--- INFORMATION PROVIDED Enclosed Below ---

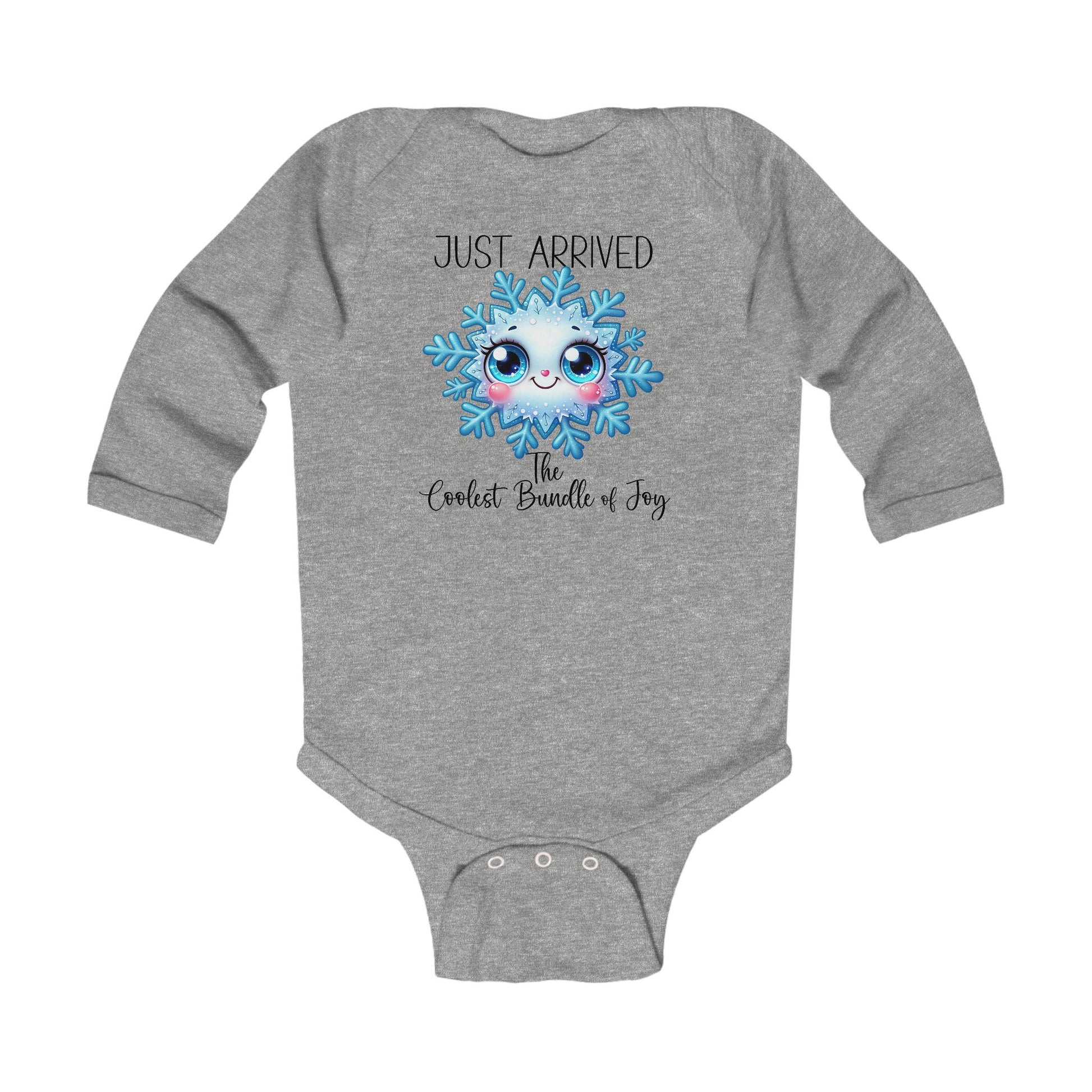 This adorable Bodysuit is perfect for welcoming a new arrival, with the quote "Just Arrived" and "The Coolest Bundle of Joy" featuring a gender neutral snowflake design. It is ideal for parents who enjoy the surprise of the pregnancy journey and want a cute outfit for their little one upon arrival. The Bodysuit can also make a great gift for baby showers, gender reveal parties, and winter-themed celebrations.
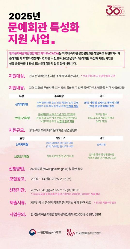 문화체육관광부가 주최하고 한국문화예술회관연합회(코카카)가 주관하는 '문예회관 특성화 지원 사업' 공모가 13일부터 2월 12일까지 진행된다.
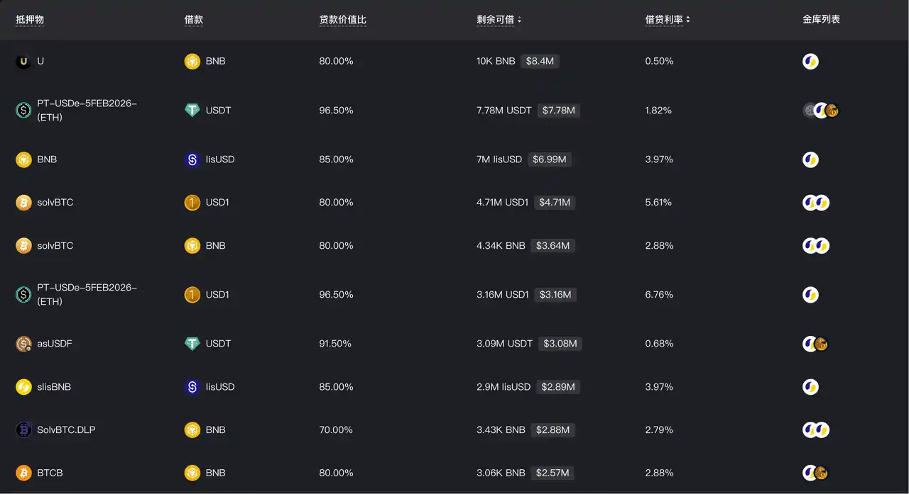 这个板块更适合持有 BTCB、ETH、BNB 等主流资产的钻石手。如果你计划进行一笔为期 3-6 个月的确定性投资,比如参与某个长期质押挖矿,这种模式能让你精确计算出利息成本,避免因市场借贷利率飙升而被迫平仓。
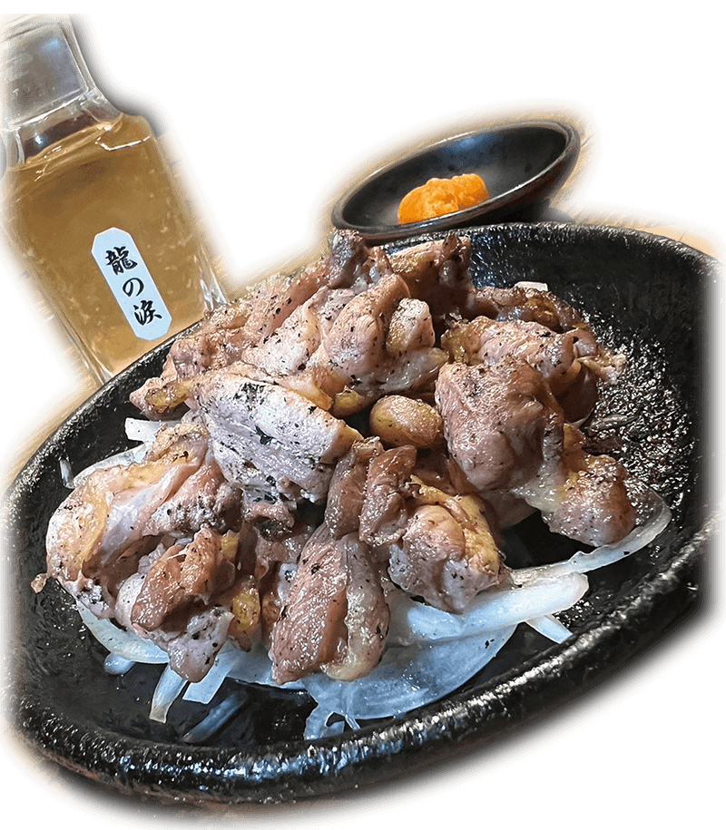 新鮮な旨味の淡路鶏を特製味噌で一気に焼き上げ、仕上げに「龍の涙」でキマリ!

--- End of Enclosed INFORMATION PROVIDED ---
--- INFORMATION PROVIDED Enclosed Below ---

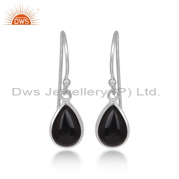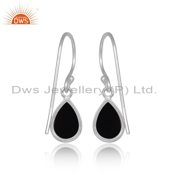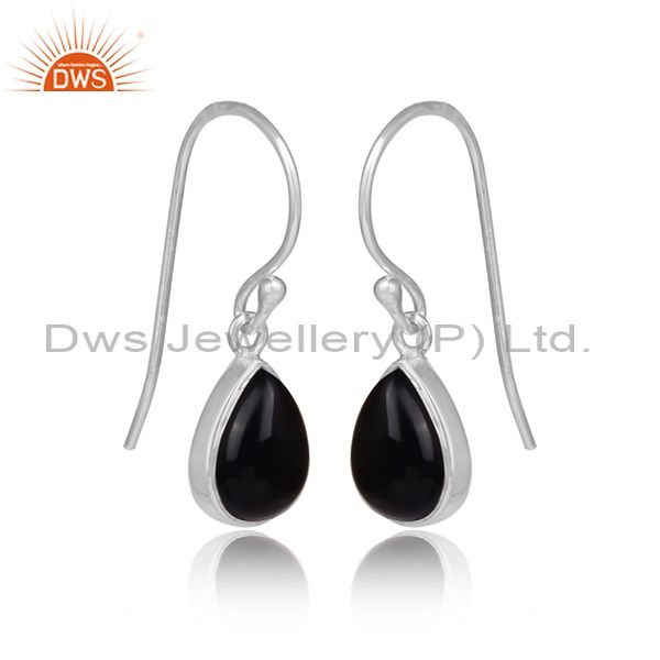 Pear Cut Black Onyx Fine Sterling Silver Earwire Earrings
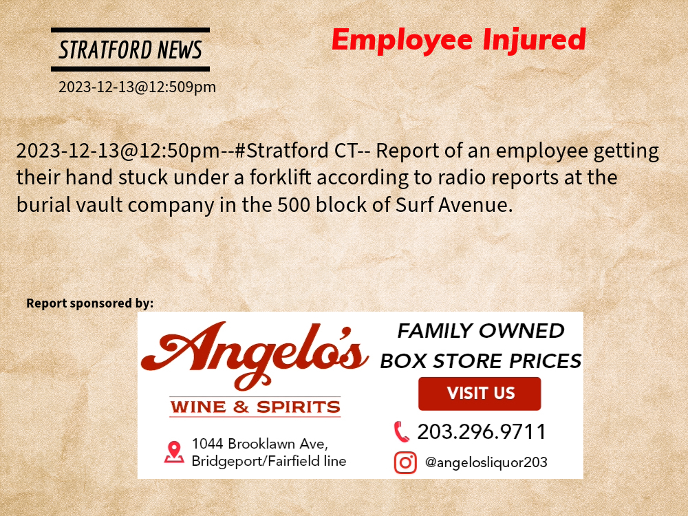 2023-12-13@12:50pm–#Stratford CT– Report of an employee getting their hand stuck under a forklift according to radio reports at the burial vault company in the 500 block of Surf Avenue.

--- End of Enclosed INFORMATION PROVIDED ---

# WORK INSTRUCTION:
Each line between the one holding "This adorable Bodysuit" and the one holding "新鮮な旨味の淡路鶏を特製味噌で一気に焼き上げ、仕上げに「龍の涙」でキマリ!", inclusive, should be copied exactly as it appears above, and pictures should be omitted.

# FINISHED EXERCISE:
 This adorable Bodysuit is perfect for welcoming a new arrival, with the quote "Just Arrived" and "The Coolest Bundle of Joy" featuring a gender neutral snowflake design. It is ideal for parents who enjoy the surprise of the pregnancy journey and want a cute outfit for their little one upon arrival. The Bodysuit can also make a great gift for baby showers, gender reveal parties, and winter-themed celebrations.
 문화체육관광부가 주최하고 한국문화예술회관연합회(코카카)가 주관하는 '문예회관 특성화 지원 사업' 공모가 13일부터 2월 12일까지 진행된다.
 这个板块更适合持有 BTCB、ETH、BNB 等主流资产的钻石手。如果你计划进行一笔为期 3-6 个月的确定性投资,比如参与某个长期质押挖矿,这种模式能让你精确计算出利息成本,避免因市场借贷利率飙升而被迫平仓。
 新鮮な旨味の淡路鶏を特製味噌で一気に焼き上げ、仕上げに「龍の涙」でキマリ!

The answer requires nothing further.